Now, \(\frac{\bar{X}_n - \mu}{\sigma/\sqrt{n}}\) is a pivotal quantity for \(\mu\) because

  • it is a function of both the sample data \(X_1, X_2, ..., X_n\) and \(\mu\)

  • its distribution is always \(\mathcal{N}(0, 1)\) and does not change with \(\mu\).

7.1.3 Pivotal Quantity for Population Mean via CLT

Suppose our population has mean \(\mu\) and variance \(\sigma^2\), i.e., \(X \sim (\mu, \sigma^2)\) and again we have the data \(X_1, X_2, ..., X_n\). But now, if we do not assume a normal distribution and we know that our sample size is large enough, we can use the Central Limit Theorem, which says that the sample mean is approximately normal:

\[\bar{X}_n = \frac{X_1 + X_2 + ... + X_n}{n} \overset{\cdot}{\sim} N\left(\mu, \frac{\sigma^2}{n}\right)\]

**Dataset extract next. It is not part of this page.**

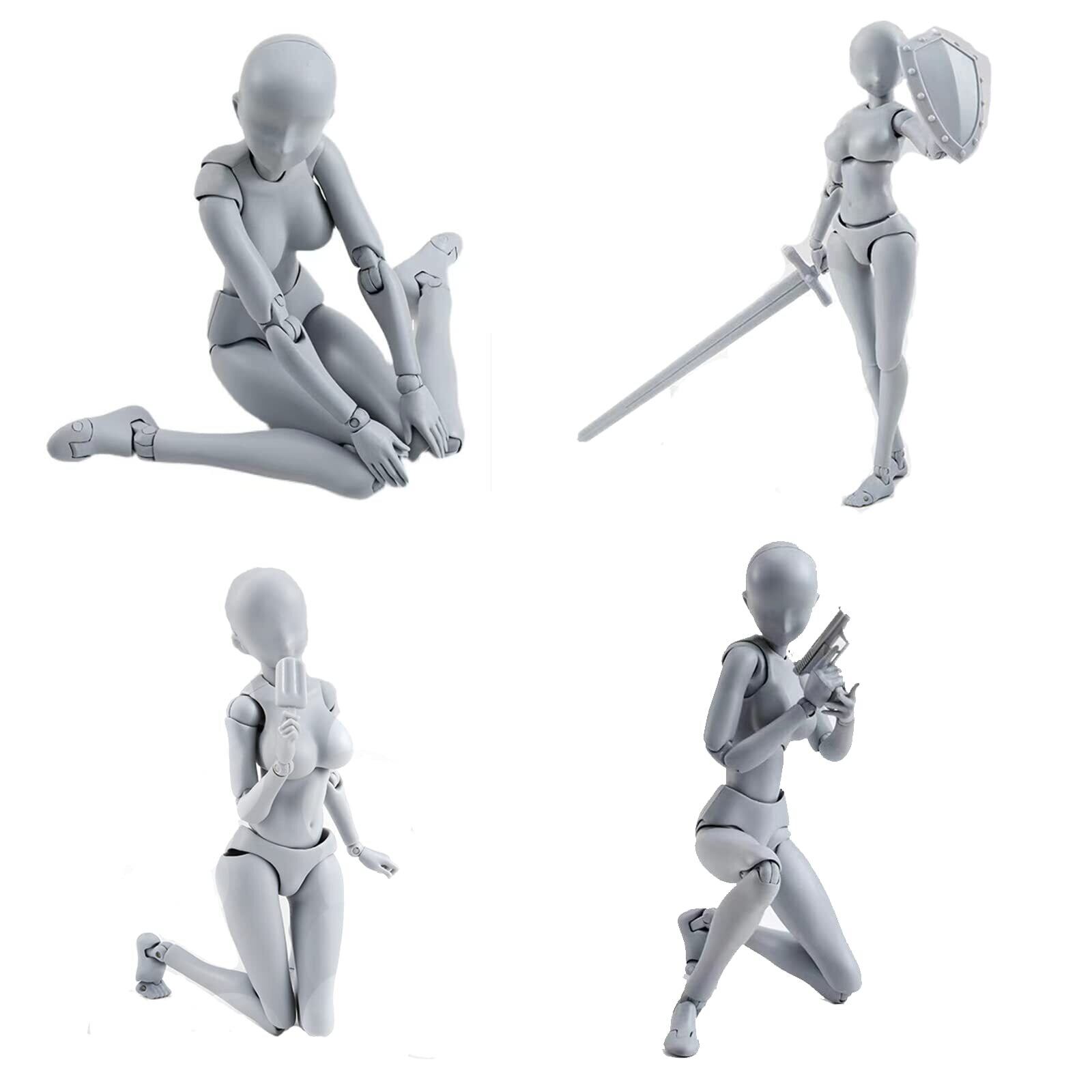 Gnallang デッサン人形 (男性女性モデル) 関節可動 スタンド付き ジェスチャー変更可能 モデル人形 漫画モデル 筋肉体型 合計2点セット|アーティストのための理想的なデッサンアシスタント!

to similarly construct the pivotal quantity for \(\mu\) when \(n\) is large

\[\frac{\bar{X}_n - \mu}{\sigma/\sqrt{n}} \overset{\cdot}{\sim} \mathcal{N}(0,1)\]

Notes: So, for

  • normal population \((\mu, \sigma^2)\) and sample size \(n\);

  • any population with mean \(\mu\) and variance \(\sigma^2\), and a large enough sample size (\(n > 30\));

the pivotal quantity for \(\mu\) is

\[Q_{\mu} = \frac{\bar{X}_n-\mu}{\sigma/\sqrt{n}} \sim \mathcal{N}(0,1)\]

7.1.4 Pivotal Quantity for \(\mu\) When \(\sigma\) is Unknown

We can see that the pivotal quantity in the previous sections involves not only \(\mu\) but also \(\sigma\). If \(\sigma\) is unknown, then it will no longer be a pivotal quantity for \(\mu\).

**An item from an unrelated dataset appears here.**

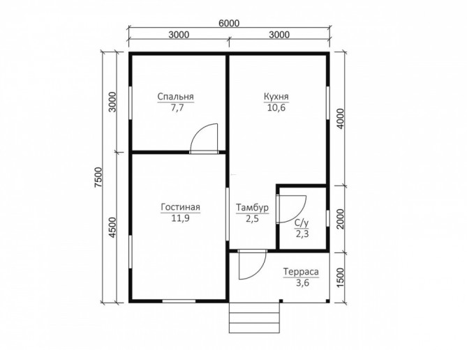 Проект дома из бруса 48 отличается удобной экспликацией помещений: удобная кухня, просторная светлая гостиная и комфортная спальня дома из бруса Во всех жилых комнатах проектом предусмотрены зимние двойные окна и деревянные двери. На входе в дом из бруса стоит надежная металлическая дверь.

We however can approximate \(\sigma\) by the sample standard deviation \(S\): \[S = \sqrt{\frac{1}{n-1}\sum_{i=1}^n(X_i - \bar{X})^2}\] Note here that different from \(s\) (actual obtained value from the data set), \(S\) here is a random variable calculated from the random sample data \(X_1, X_2, ..., X_n\).

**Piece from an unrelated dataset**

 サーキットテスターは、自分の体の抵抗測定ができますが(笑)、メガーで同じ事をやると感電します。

When we replace \(\sigma\) by \(S\), we have the following result

\[\frac{\bar{X}_n - \mu}{S/\sqrt{n}} \sim t(n-1)\]

where \(t(n-1)\) is the (central) \(t\)-distribution of \(n-1\) degrees of freedom18. Now, this is a pivotal quantity because

  • it is a function of both the sample data \(X_1, X_2, ..., X_n\) and \(\mu\). (\(S\) is also a function of the data)

  • its distribution is always \(t(n-1)\) and does not change with \(\mu\).

Thus, when \(\sigma\) is unknown, we can construct a confidence interval for \(\mu\) using this pivotal quantity.

7.1.4.1 The \(t\)-distribution

The (central) \(t\)-distribution has only one parameter, which is the degree of freedom \(df\).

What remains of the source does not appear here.